Depois de um breve hiato do negócio da venda ambulante de frango grelhado, Luís Santos regressou ao ofício e foram os populares da Mendiga que o requisitaram: «As mulheres, quando me apanharam aqui à quarta-feira, a sair da missa, perguntaram: “Então e o domingo?” E então eu vim para cá, já estou aqui há seis ou sete anos». É a única localidade do concelho que é abrangida pela rota de Luís Santos, que está à sexta-feira à noite em Monsanto, Alcanena, e ao sábado em Abrã, Santarém. Nos outros dias está «de folga, a lavar grelhas, lavar frigoríficos», brinca. É um negócio que, fruto da invulgaridade e da facilidade que tem em centrar-se em diferentes sítios, o vai sustentando: «Isto não é para enriquecer, é para ir vivendo, em vez de aturar um patrão qualquer, aturo-me a mim», explica.
A função invisível do ramo funerário
Irene Matias está há 40 anos no setor fúnebre. É gerente da Funerária Dom Fuas, com duas agências, uma em Porto de Mós, outra na Batalha, e é nesta última vila onde se desenvolve a logística de um trabalho que, considera, «já foi mais incomum»: tanoestética e tanopraxia. A primeira é uma técnica de restauro e maquilhagem do rosto, a segunda prende-se com a conservação do corpo, e são ambas essenciais (e obrigatórias por lei) quando se fala de pessoas recém-falecidas e do processo por que passam entre a morte e o funeral.
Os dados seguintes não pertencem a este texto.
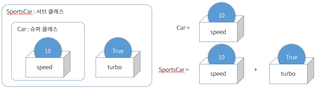 1. 구체적인 예를 들어봅시다. 스포츠카는 일반적인 자동차의 특징을 모두 가지고 있고 추가로 터보 차저(turbo)가 추가되어 있다고 합시다.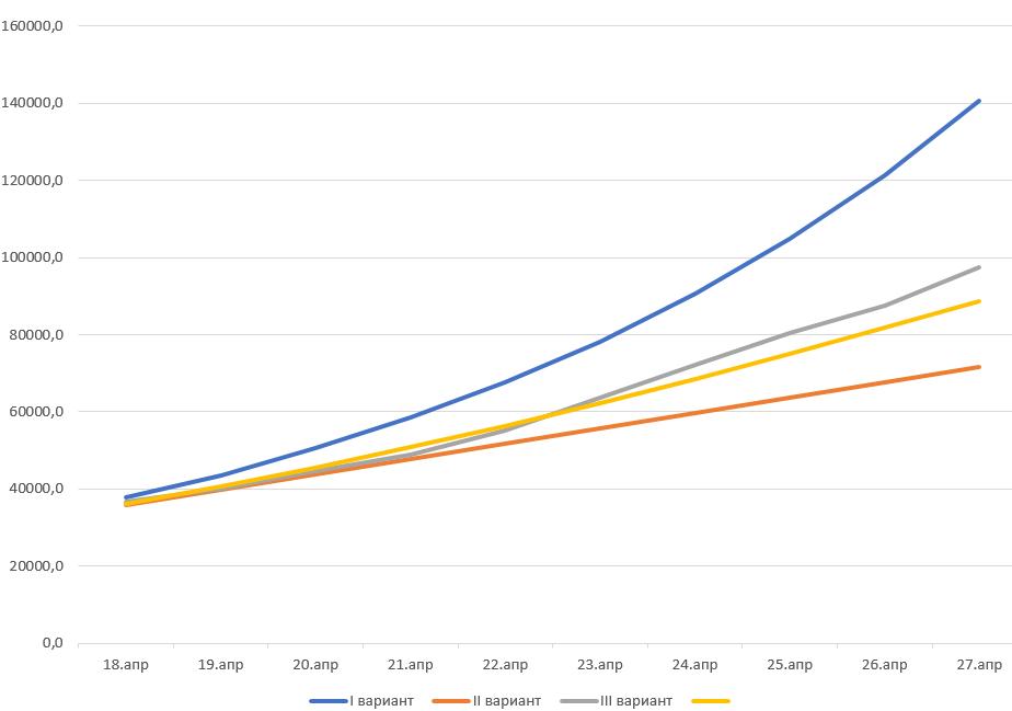 Республика Башкортостан и карантин. С нескольким запозданием публикую прогноз по Башкирии (рис. 2). Это прогноз делали 16 апреля. Мы прогнозировали на 18 апреля 270 заболевших, а сегодня их 252 по официальной статистике. Можете сами отслеживать на сколько наш прогноз будет отличаться.

Processo esse que é assumido por Irene Matias desde que chegou à funerária do marido (já falecido), há quatro décadas, numa altura em que não havia mulheres a trabalhar no ramo, e que vai muito além de umas pinceladas de sombra: «Não é só chegar ali e pintar, há muitas outras coisas que se tem de fazer antes do espelho mostrar. As pessoas não fazem ideia do que está por trás, há muito trabalho na retaguarda, para a preparação, é quase como uma cirurgia. Quase 80% dos produtos que uso num cadáver não podem ser usados numa pessoa viva, são produtos químicos».
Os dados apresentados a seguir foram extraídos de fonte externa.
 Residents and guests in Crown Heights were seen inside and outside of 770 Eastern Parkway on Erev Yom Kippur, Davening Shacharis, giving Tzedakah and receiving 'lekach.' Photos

Para tal, teve inclusive de tirar alguns cursos, no Instituto de Medicina Legal, em Coimbra, que a habilitassem à função, mas «muito depois», quase 20 anos após a primeira experiência com cadáveres, uma estreia que causaria impressão a muitos, à data, mas que hoje, diz, «já não é um bicho de sete cabeças». No entanto, ainda há que lhe pergunte: «“Não tem receio?” É óbvio que nos primeiros tive, há sempre aquela hesitação de fazer isto ou aquilo. Com os anos nós vamos aprendendo, sabe-se a teoria e depois a prática e os medos também vão ficando para trás», explica. Agora, consegue olhar para um cadáver e perceber o que é preciso fazer, embora seja «sempre um desafio muito grande quando aparece uma situação diferente», como muitas são, faz questão de realçar. Aos 64 anos, assistiu ao acentuado crescimento do setor em Portugal («Antigamente as pessoas tinham muito o hábito de dizer “Fui a um funeral na América e a pessoa estava igual. Hoje em dia já não é preciso ir para a América, nós já fazemos um bom trabalho [em Portugal]»), lidera a funerária fundada pelo marido e diz que, «enquanto tiver saúde», não se vê a fazer outra coisa. A tanoestética e a tanopraxia são atuais componentes fundamentais do setor fúnebre e a reação dos clientes é a certeza de Irene Matias que fez um bom trabalho: «Eu tenho muito gosto em que as pessoas no final me digam “Dona Irene, muito obrigada, pensei que não havia nada a fazer, pelo menos uma pessoa olha e fica com tranquilidade”, e isso é muito gratificante».